WORK REQUIRED: Only the lines below between the one holding "SQZ 開始至保持 HLD" and the one holding "On Thursday, July", inclusive, are to be reproduced word for word; the pictures are to be left out.

THE DATA:
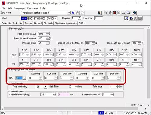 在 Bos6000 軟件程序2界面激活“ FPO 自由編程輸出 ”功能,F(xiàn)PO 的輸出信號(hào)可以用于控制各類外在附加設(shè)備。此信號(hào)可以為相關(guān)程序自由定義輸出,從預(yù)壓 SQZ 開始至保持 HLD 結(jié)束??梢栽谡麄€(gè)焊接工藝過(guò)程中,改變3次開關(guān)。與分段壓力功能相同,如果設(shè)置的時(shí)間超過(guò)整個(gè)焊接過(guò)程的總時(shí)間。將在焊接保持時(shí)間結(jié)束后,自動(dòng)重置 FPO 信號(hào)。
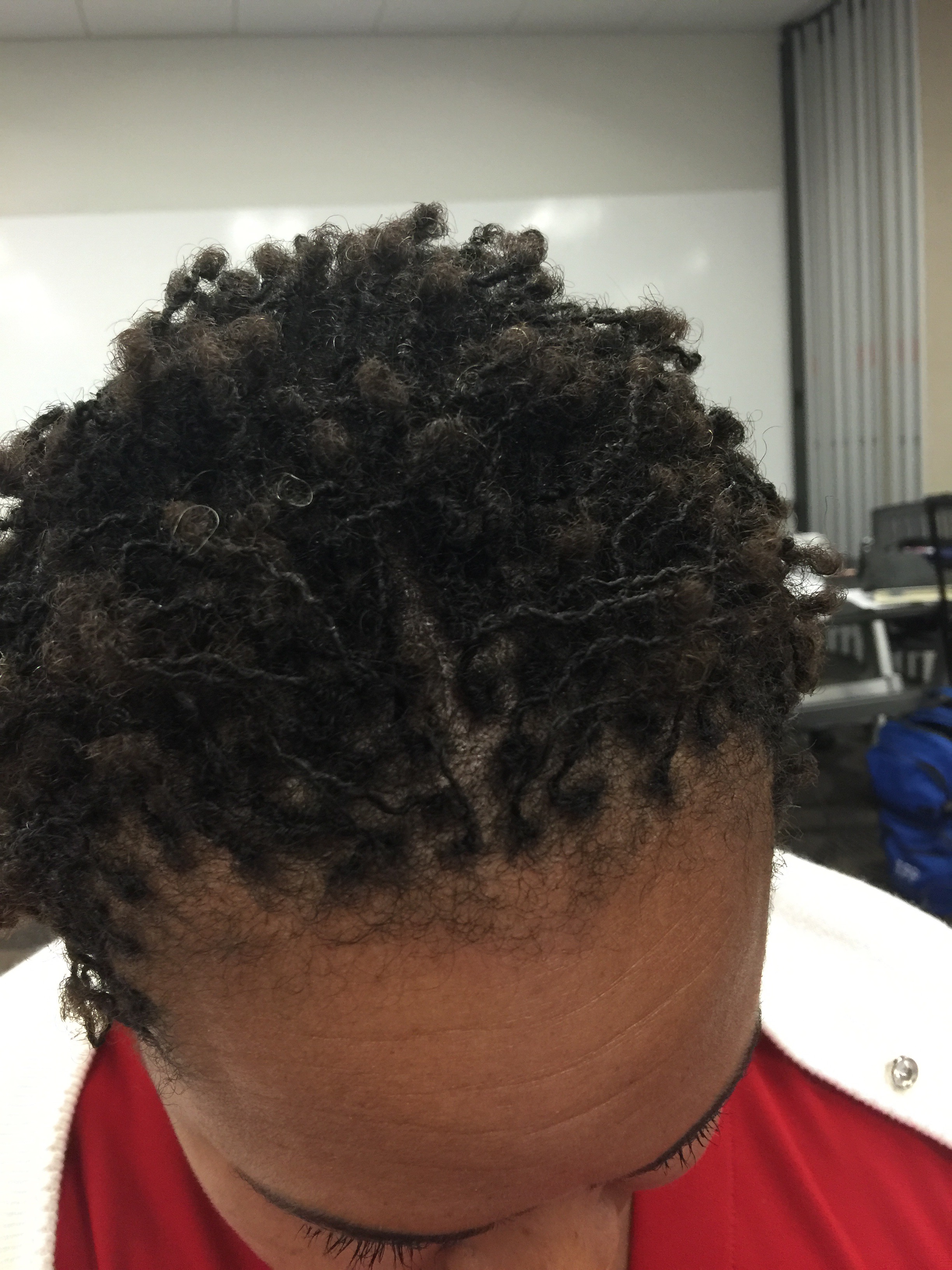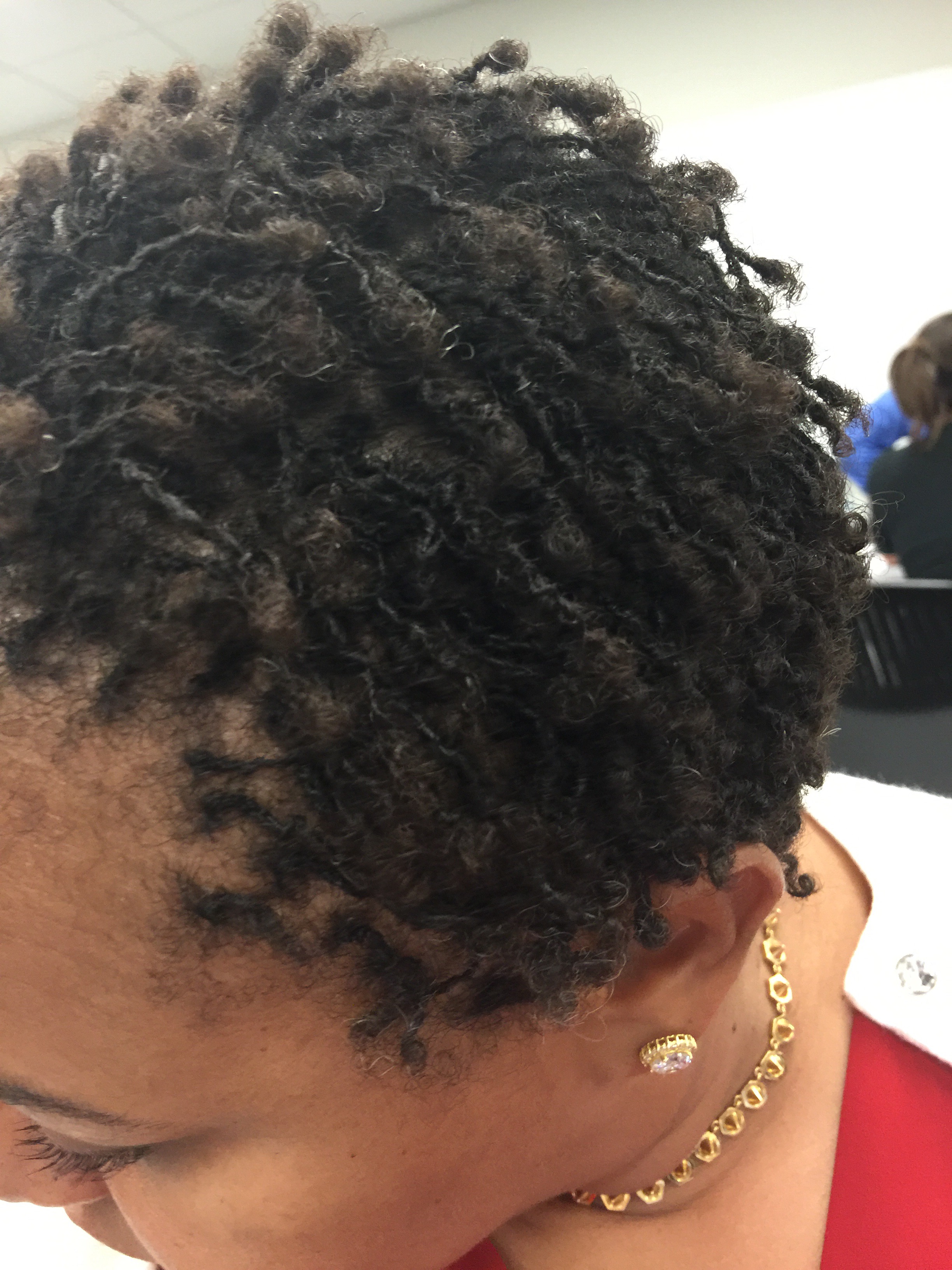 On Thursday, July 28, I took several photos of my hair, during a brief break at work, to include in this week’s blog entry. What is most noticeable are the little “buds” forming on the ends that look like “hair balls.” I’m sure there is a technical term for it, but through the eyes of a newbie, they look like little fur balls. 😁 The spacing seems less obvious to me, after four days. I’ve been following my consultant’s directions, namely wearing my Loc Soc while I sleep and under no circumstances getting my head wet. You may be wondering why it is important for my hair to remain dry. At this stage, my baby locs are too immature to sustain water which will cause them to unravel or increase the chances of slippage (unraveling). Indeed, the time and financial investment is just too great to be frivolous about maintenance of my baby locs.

...

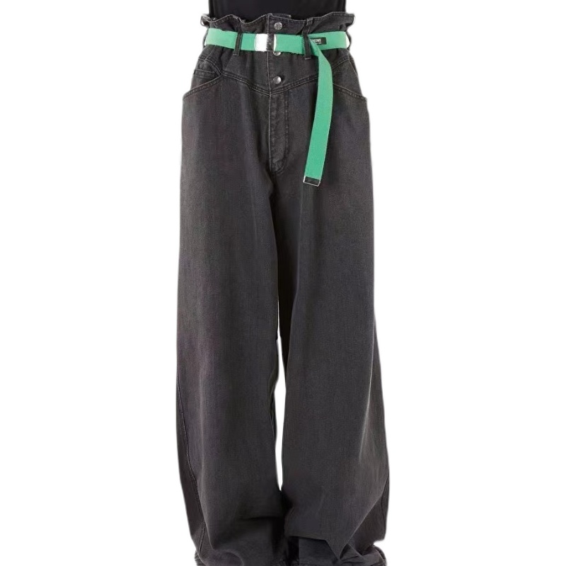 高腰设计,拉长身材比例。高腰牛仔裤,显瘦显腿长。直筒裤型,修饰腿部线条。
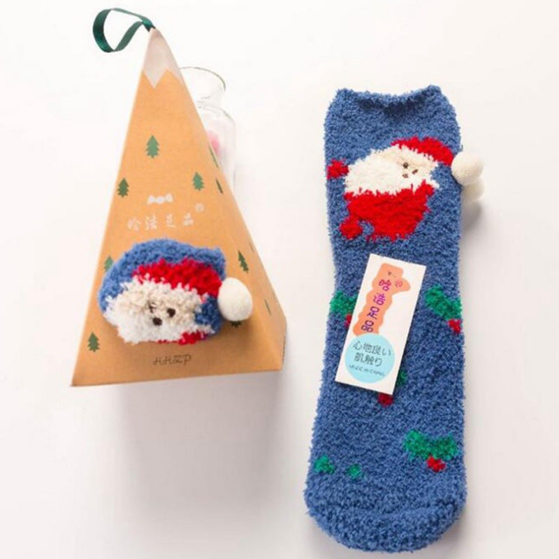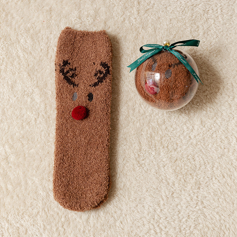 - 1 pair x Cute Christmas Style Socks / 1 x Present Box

SOLUTION:
 在 Bos6000 軟件程序2界面激活“ FPO 自由編程輸出 ”功能,F(xiàn)PO 的輸出信號(hào)可以用于控制各類外在附加設(shè)備。此信號(hào)可以為相關(guān)程序自由定義輸出,從預(yù)壓 SQZ 開始至保持 HLD 結(jié)束??梢栽谡麄€(gè)焊接工藝過(guò)程中,改變3次開關(guān)。與分段壓力功能相同,如果設(shè)置的時(shí)間超過(guò)整個(gè)焊接過(guò)程的總時(shí)間。將在焊接保持時(shí)間結(jié)束后,自動(dòng)重置 FPO 信號(hào)。
 On Thursday, July 28, I took several photos of my hair, during a brief break at work, to include in this week’s blog entry. What is most noticeable are the little “buds” forming on the ends that look like “hair balls.” I’m sure there is a technical term for it, but through the eyes of a newbie, they look like little fur balls. 😁 The spacing seems less obvious to me, after four days. I’ve been following my consultant’s directions, namely wearing my Loc Soc while I sleep and under no circumstances getting my head wet. You may be wondering why it is important for my hair to remain dry. At this stage, my baby locs are too immature to sustain water which will cause them to unravel or increase the chances of slippage (unraveling). Indeed, the time and financial investment is just too great to be frivolous about maintenance of my baby locs.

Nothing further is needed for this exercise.